The burden then shifts to defendants to articulate a legitimate, non-discriminatory reason for the wage disparity. McDonnell Douglas, 411 U.S. at 802, 93 S.Ct. at 1824. As set forth above, defendants claim that the downsizing of the Greenwich facility and plaintiff’s inferior education and work experience as compared to her three male comparators were the reasons for the pay differential. The court finds that defendants have sufficiently rebutted the inference of discrimination.
Next, plaintiff must demonstrate that defendants’ proffered reasons are a pretext for discrimination. McDonnell Douglas, 411 U.S, at 804, 93 S.Ct. at 1825. On a motion for summary judgment, plaintiff need only show that a factual issue exists as to whether unlawful discrimination played a determinative role in the employment action. Meiri v. Dacon, 759 F.2d 989, 997 (2d Cir.1985).
Plaintiff has set forth sufficient evidence to create a genuine factual dispute. First, plaintiff submits the deposition of Eric Kalman, a male systems engineer in the Greenwich MIS facility who reported to plaintiff. As noted, Kalman was given a two-grade level increase from 45 to 47 during the downsizing. Second, plaintiff sets forth the letter from Sullivan to Johnson dated June 18, 1988, in which Sullivan states that plaintiff performed at “a much higher work activity level” as Data Processing Manager during the downsizing. Finally, there exists a genuine issue of fact as to whether Heise, Sullivan and Fusco’s educational background and work experience when hired or promoted to this position were greater than plaintiff’s when she was promoted to the position. Plaintiffs evidence raises sufficient uncertainty regarding the reasons for the pay differential to preclude summary judgment.
CONCLUSION
For the reasons set forth above, defendants’ motion for summary judgment [# 62] is DENIED.

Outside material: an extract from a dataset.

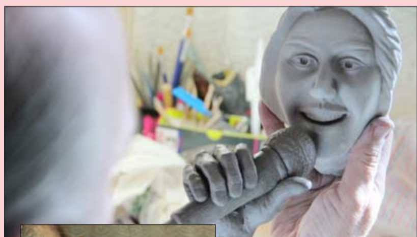
مراحل منحوتة ماجدة الرومي

. In her memorandum in opposition to summary judgment, plaintiff does not specifically compare her duties to Heise's. In defendants' memorandum in support of summary judgment, they claim that the requirements of the position were the same for both Heise and Sullivan. Therefore, the court will view plaintiff's comparison to Sullivan as including a comparison to Heise's duties.